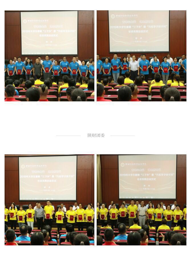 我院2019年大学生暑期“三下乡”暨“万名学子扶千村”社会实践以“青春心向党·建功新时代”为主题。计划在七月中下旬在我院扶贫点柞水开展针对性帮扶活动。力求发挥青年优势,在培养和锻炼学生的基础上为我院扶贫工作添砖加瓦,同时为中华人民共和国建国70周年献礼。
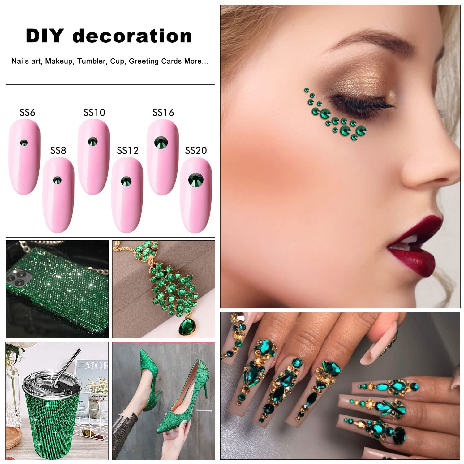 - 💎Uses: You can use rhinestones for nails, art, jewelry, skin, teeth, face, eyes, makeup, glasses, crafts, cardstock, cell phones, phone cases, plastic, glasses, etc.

☆ ☆ ☆ ☆ ☆ ☆ ☆

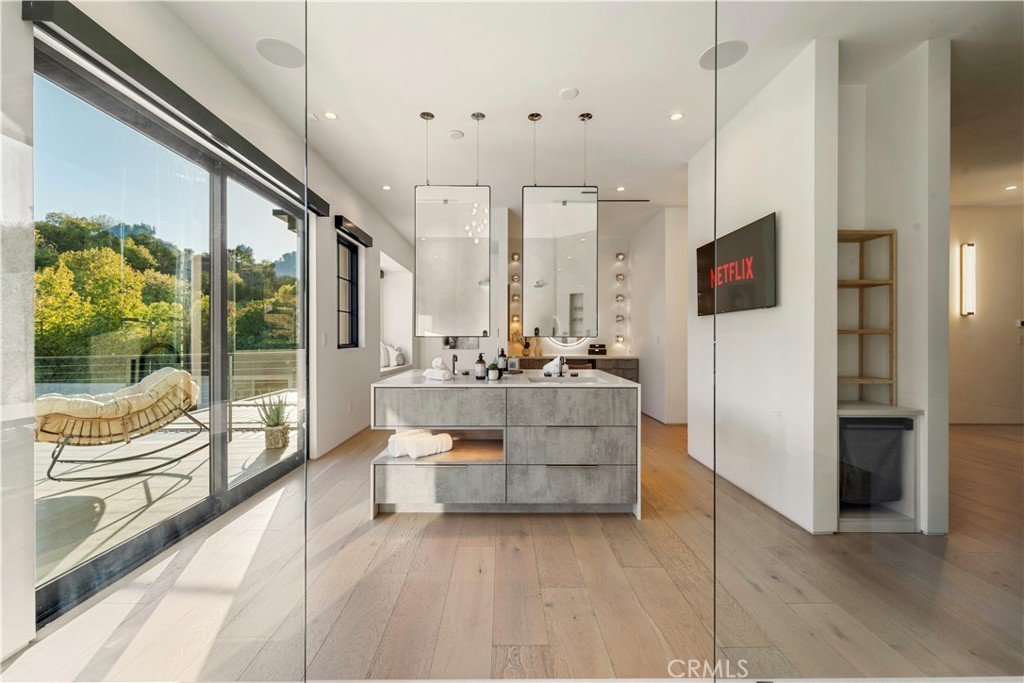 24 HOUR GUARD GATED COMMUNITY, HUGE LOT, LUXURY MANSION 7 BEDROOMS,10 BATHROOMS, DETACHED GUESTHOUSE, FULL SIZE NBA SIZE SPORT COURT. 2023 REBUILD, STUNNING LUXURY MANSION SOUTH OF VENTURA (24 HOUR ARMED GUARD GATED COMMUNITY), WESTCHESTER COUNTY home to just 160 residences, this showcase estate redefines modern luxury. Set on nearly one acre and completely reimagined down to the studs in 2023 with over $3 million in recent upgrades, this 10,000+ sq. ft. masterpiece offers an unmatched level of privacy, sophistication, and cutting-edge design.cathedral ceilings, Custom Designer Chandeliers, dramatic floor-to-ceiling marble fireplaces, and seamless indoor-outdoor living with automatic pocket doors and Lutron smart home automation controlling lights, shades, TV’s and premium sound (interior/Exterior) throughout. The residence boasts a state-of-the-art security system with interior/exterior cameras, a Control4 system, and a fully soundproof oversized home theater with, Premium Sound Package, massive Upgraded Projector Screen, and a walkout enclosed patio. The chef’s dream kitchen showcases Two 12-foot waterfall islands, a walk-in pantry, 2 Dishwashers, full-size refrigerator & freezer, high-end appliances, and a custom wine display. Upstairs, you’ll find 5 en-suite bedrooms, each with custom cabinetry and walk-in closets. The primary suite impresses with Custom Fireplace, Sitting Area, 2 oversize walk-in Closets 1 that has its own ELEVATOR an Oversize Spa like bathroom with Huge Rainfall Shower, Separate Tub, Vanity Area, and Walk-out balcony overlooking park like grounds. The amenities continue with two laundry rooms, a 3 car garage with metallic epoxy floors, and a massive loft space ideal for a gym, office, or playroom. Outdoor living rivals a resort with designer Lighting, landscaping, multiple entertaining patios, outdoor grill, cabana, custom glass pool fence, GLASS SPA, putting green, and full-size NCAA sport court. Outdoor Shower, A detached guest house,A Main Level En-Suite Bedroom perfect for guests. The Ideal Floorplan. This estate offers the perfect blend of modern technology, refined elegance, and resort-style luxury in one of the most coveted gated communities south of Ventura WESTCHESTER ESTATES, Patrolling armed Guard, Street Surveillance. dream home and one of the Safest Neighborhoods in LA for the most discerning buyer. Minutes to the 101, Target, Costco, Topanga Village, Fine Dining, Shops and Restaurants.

☆ ☆ ☆ ☆ ☆ ☆ ☆

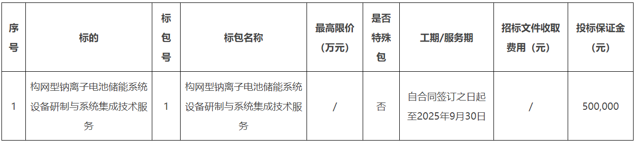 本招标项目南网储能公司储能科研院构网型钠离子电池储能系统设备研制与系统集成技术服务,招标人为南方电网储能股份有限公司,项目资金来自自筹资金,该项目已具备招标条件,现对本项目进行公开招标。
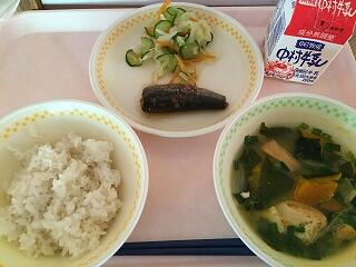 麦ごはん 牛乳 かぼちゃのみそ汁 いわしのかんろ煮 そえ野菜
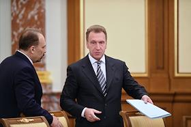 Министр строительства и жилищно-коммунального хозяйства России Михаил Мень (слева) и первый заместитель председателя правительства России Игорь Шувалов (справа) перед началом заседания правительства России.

☆ ☆ ☆ ☆ ☆ ☆ ☆

■ WHAT THE TASK ASKS ■
Your answer is the exact run of lines above from the one with "麦ごはん 牛乳 かぼちゃのみそ汁 いわしのかんろ煮 そえ野菜" through the one with "Министр строительства и", both ends included, minus any picture.

■ RESULT FOR THIS EXERCISE ■
 麦ごはん 牛乳 かぼちゃのみそ汁 いわしのかんろ煮 そえ野菜
 Министр строительства и жилищно-коммунального хозяйства России Михаил Мень (слева) и первый заместитель председателя правительства России Игорь Шувалов (справа) перед началом заседания правительства России.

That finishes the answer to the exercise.